The First 6 Months: A Sample Roadmap
Creating a disciple-making culture doesn’t happen overnight, but it can begin with intentional steps. The first six months are about building a strong foundation by training key leaders, launching small pilot groups, and aligning the church around a shared vision. Below is a simple, scalable roadmap to help Fairlane move from inspiration to implementation:
Month 1
- Recruit 10–15 leaders for the Discipleship Vision Team
- Begin training using simple tools (e.g., “What is a disciple?”, “How to lead a triad”)
- Teach on disciple-making from the pulpit
Months 2–3
- Launch 3–5 pilot discipleship groups
- Begin storytelling each Sunday (1-minute testimonies)

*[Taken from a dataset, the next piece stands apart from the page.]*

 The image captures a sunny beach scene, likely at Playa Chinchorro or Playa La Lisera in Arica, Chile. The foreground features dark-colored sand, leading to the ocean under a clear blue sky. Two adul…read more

- Provide coaching and prayer covering for leaders
Months 4–6
- Evaluate learnings from pilot groups
- Host a “Disciple-Making Celebration” Sunday
- Invite the broader church to join Phase 2 of group launch
- Identify second-generation leaders
The win isn’t fast growth, it’s reproducible obedience.
A Call to the Fairlane Family
If you’ve walked with us through this 6-blog journey, thank you. But reading isn’t the goal. Responding is. This is your moment to move from dreamer to doer. Will you join a pilot group? Will you consider joining the Vision Team? Will you commit to discipling just one person this year? Don’t underestimate what one year of obedience can do. You could be the spark that lights a fire at Fairlane.

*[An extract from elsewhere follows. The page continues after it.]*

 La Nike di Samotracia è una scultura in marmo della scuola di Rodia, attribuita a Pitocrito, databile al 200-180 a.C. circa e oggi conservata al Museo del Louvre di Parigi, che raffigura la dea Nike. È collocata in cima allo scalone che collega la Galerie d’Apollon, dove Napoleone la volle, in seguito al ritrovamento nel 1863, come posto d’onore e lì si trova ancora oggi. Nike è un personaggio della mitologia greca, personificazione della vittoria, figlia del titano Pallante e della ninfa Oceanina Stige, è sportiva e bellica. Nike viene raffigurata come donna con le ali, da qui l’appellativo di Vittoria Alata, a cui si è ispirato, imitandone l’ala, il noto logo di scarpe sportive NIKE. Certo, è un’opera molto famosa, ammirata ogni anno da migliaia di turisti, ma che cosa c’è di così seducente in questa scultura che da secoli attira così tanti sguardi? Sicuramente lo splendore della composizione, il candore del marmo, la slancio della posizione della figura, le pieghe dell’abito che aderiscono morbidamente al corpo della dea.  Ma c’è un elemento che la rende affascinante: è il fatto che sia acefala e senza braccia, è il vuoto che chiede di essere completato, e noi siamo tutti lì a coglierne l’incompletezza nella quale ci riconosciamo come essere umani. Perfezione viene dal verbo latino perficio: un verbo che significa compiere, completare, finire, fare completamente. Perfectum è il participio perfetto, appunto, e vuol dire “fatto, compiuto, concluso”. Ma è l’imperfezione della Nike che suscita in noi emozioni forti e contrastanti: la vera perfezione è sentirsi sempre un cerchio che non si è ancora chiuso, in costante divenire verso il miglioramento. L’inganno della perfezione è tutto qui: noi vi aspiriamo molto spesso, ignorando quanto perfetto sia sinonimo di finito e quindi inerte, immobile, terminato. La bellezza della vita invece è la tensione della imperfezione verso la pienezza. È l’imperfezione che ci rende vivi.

Final Words: Let’s Be the Church Jesus Envisioned
Jesus didn’t say, “Go and build large crowds.” He said, “Go and make disciples of all nations…” Matthew 28:19. This is not a trendy church growth strategy. It’s the call of Christ on every believer, every church, every generation. Fairlane has the heart. We’ve now been given the vision. Let’s match it with action. Let’s be the church Jesus envisioned. Let’s build a culture of disciple-makers. Let’s start today.